• Work order:
Nothing but the lines below from the one with "Pink with Black" through the one with "12.39 (2025) |" should be output, each exactly as given, and no pictures.

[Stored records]
*** Block opens ***

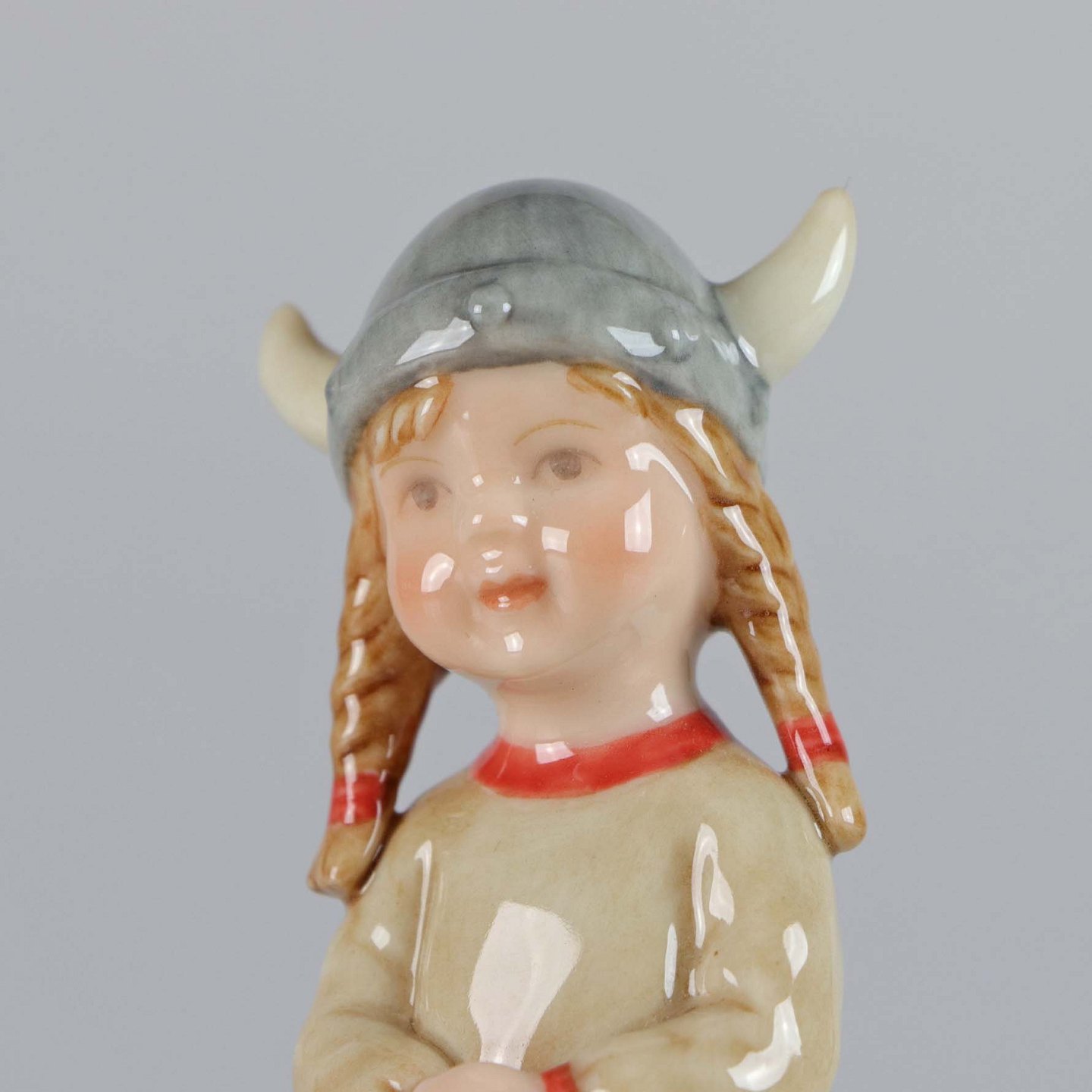 Årets Viking 2004 i porcelæn fra serien Mini Collection Viking. Pige med sværd og gås. No 129 Vikingenavn: Thora.
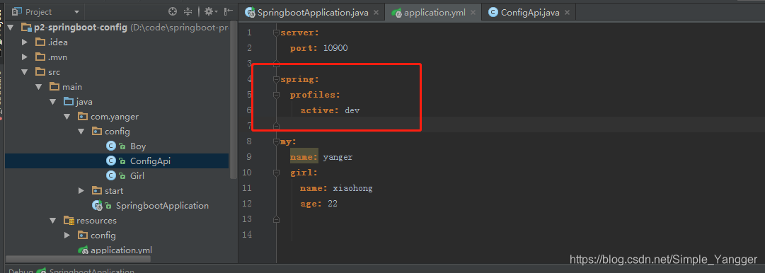 所以现在起作用的是 application-dev.yml 里面的配置,我们简单的在两个文件中设置了不同的 app.env 属性,至于怎么访问,我们稍后讲到。
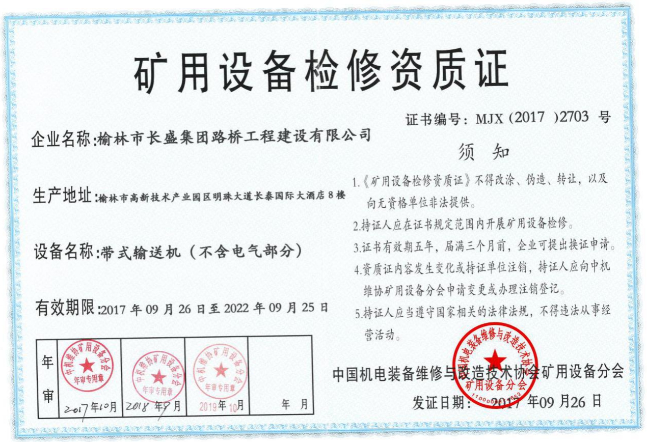 礦用設(shè)備檢修資質(zhì)-帶式輸送機(jī)
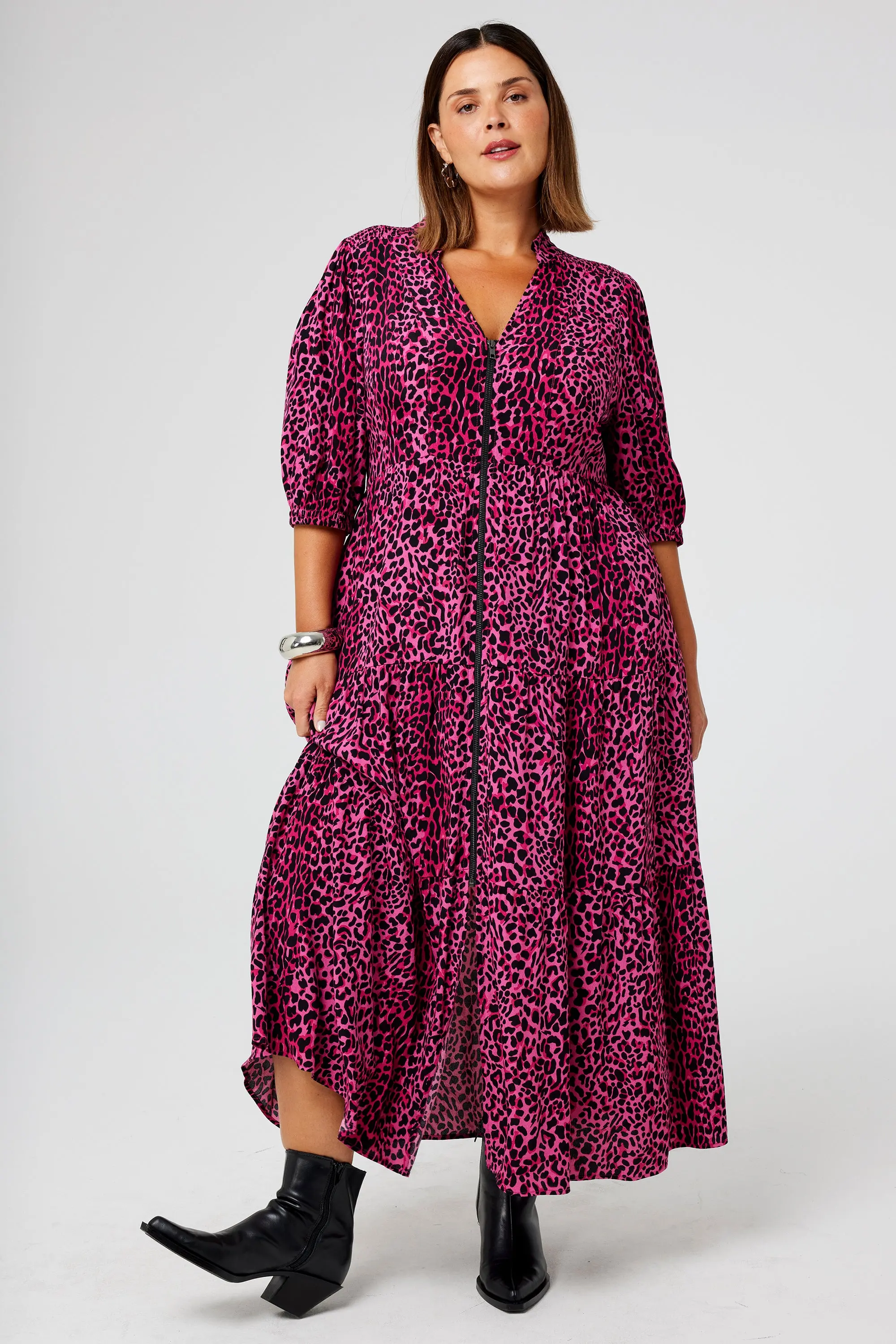 Pink with Black Wild Leopard Zip Detail Tiered Midi Dress
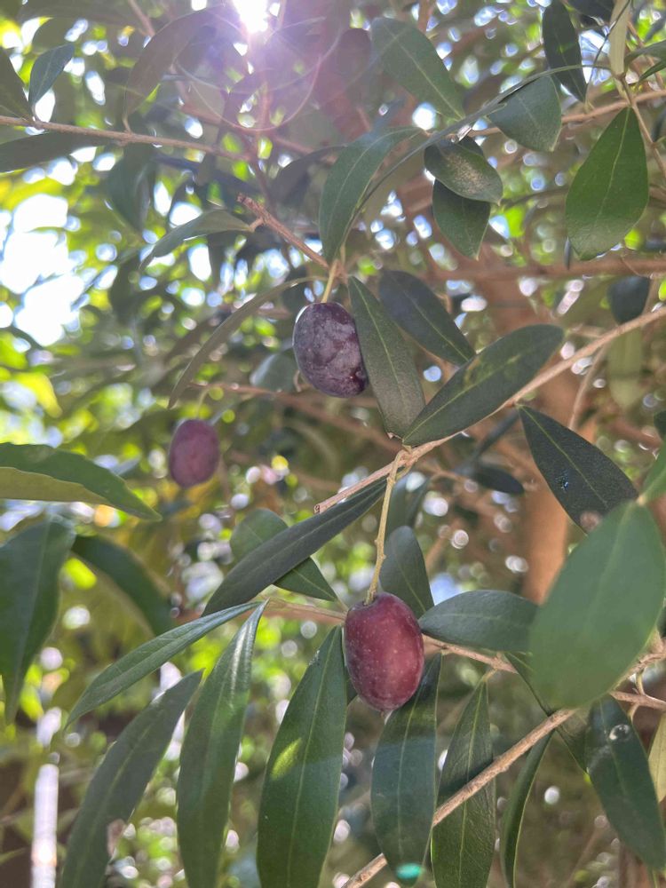 夏の間にすっかり繁り、細い枝が多くなったり、徒長幹、ができたりしていたオリーブの樹を剪定しました。今日は暑くて汗だくになりましたが、オリーブの実がなっていることがわかりました❣️
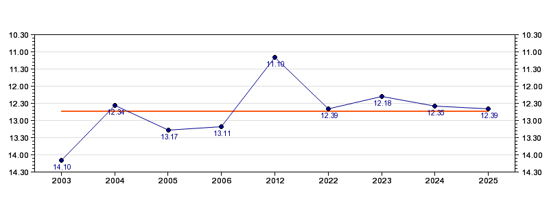| Forrige tid | 12.39 (2025) |
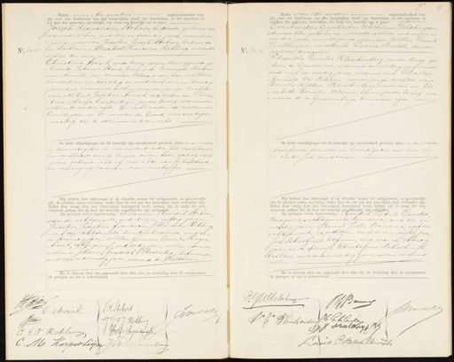 No. 2455 Heden vies Augustus het Juis der gemeenten vereckenn, ten ande den Aunelif aan te guun:Notdedee va zijn voor ons Ambtenaar van den burgerlijken stand van Amsterdam, in het openbaar, in Joseph Franciscus Stokvis, bediende, geboren en J: wonende alhier, oud drie en twintig jaren, meerder jarige zoon van Jacobus Joseph ttokvis bediende en Catharina Elisabeth Francisca Rohling, wonende alhier, ter eenre en Christina Avink, zonder beroep, volgens hare opgaven ge „boren te Tateison Staat Jerseij in de Vereenigde Staten van Amerika, den zevenden baart des jaars achttien honderd een en tachtig en mitsdien drie en twintig jaren oud wonende alhier, meerderjarige dochte van Albert Jacobus Avink, overleden en Chris „tina Maria Karpesteijn, zonder beroep, wonende alhier, ter andere zijde. En verklaarden de ouders de bruidegoms en de moeder der bruid, voor ons tegen woordig, toe te stemmen in dezen echt De beide afkondigingen tot dit huwelijk zijn onverhinderd geschied, alhier den me en twintigsten en een en dertigsten Juli laatstleden En verklaarde ons de bruid, onder eede, dat zij zieh geene geboorte- akte of eene akte van bekendheid ter vervanging daarvan, kan verschaffen. Wij hebben hun afgevraagd of zij elkander nemen tot echtgenooten, en getrouwelijk alle de plichten zullen vervullen, welke door de wet aan den huwelijken staat verbonden zijn Nadat deze vraag door hen bevestigend beantwoord werd, hebben wij, in naam der we- uitspraak gedaan dat zij door het huwelijk aan elkander zijn verbonden. Als getuigen waren tegenwoordig: Salomon Hendrik Stokvis oom dls echtgenoots, oud drie en vyftig jaren Jacobus Josephus franciscus Johannes Rohlin neef des echtgenoots kantoorbediende oud ze en twintig jaren, Willem Gerardus Cornelis Hogen „hout, eistrograaf, oud dertig jaren, allen wonende alhier en Johann friegeriek Rodenberg, hofmeeste oud drie en twintig jaren, wonende te Rotterdam. En is hiervan door ons opgemaakt deze akte, die, na voorlezing, door de comparanten, de getuigen en ons is onderteekend. No. 2454 Heden vier Augustus zijn voor ons Ambtenaar van den burgerlijken stand van Amsterdam, va het openbaar, n het huis der gemeente, verschenen, ten einde een huwelijk aan te gaan: overhardus Gijsbertus Wilhelmus Veldhuijzen, steendrukker, geboren en wonende alhier, oud negen en veertig jaren, meerderjarige zoon van Willem Fredrik Veldhuyzen en Maria Louisa Bartels, beiden overleden, ter eenre en Petronella Cornelia Klinkenberg, zonder beroep, ge „ boren te Loosduinen, wonende te Watergraafsmeer oud vijf en veertig jaren, weduwe van Charles Amand De Bruijne meerderjarige dochter van Cornelis Willem Klinkenberg overleden en Eli „sabeth Cornelia Warmenhoven, zonder beroep, wo „nende te 's Gravenhager ter andere zijde De beide afkondigingen tot dit huwelijk zijn onverhinderd geschied, alhier en te water „ graafsmeer den vier en twintigsten en een en dertigsten Juli laatstleden Wij hebben hun afgevraagd of zij elkander nemen tot echtgenooten, en getrouwelijk alle de plichten zullen vervullen, welke door de wet aan den huwelijken staat verbonden zijn Nadat deze vraag door hen bevestigend beantwoord werd, hebben wij, in naam der wet uitspraak gedaan dat zij door het huwelijk aan elkander zijn, verhonden Als getuigen waren tegenwoordig: Hendrik Pieter le Euvelie zwager des echtgenoots, kruidenier, oud zes en veertig jaren, Barend Jullo Bennema, neef de Echtgenoots, expediteur, oud drie envijftig jaren Jan Schalkwijk, koofman, oud vier en zevenden jaren en Lodewijk Christoferus Schalkwijk Hailleur, oud drie en dertig jaren, allen wonende alhier En is hiervan door ons opgemaakt deze akte, die, na voorlezing, door de comparanten, de getuigen en ons is onderteekend. 4 WJ P. W: Stokvit Woolde C. Avink FJJ.F.J. Rohling Joo Del Hagenban C EF Rohling C. M Karpesteyn Jet Raterberg PMElelekenje BJ Beunens J M Dr V o P.Eenhenker H P. t Constiee JJ Schalkryg Lrus CSchalkwysle
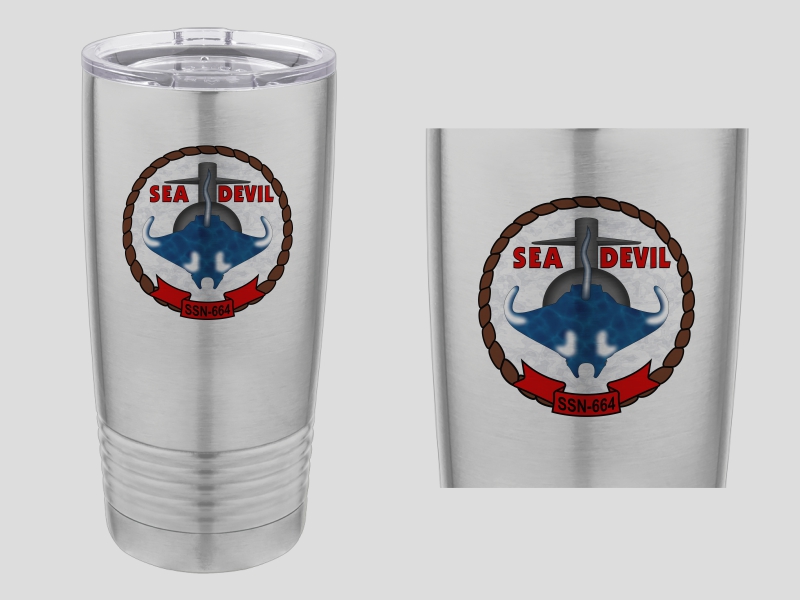 Our 20 ounce USS Sea Devil (SSN-664) Insignia Travel Mug is sure to float your boat. Double wall, vacuum insulated with a clear sliding lid. These mugs are double the heat & cold resistance of a normal travel mug and have a narrow bottom to fit most vehicle cup holders.
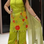 Work Type : full threadwork orignal mirror work stone work cells work in kurta with matching divider & choker neck dupatta .

*** Block closes ***

• Answer to this task:
 Pink with Black Wild Leopard Zip Detail Tiered Midi Dress
 夏の間にすっかり繁り、細い枝が多くなったり、徒長幹、ができたりしていたオリーブの樹を剪定しました。今日は暑くて汗だくになりましたが、オリーブの実がなっていることがわかりました❣️
| Forrige tid | 12.39 (2025) |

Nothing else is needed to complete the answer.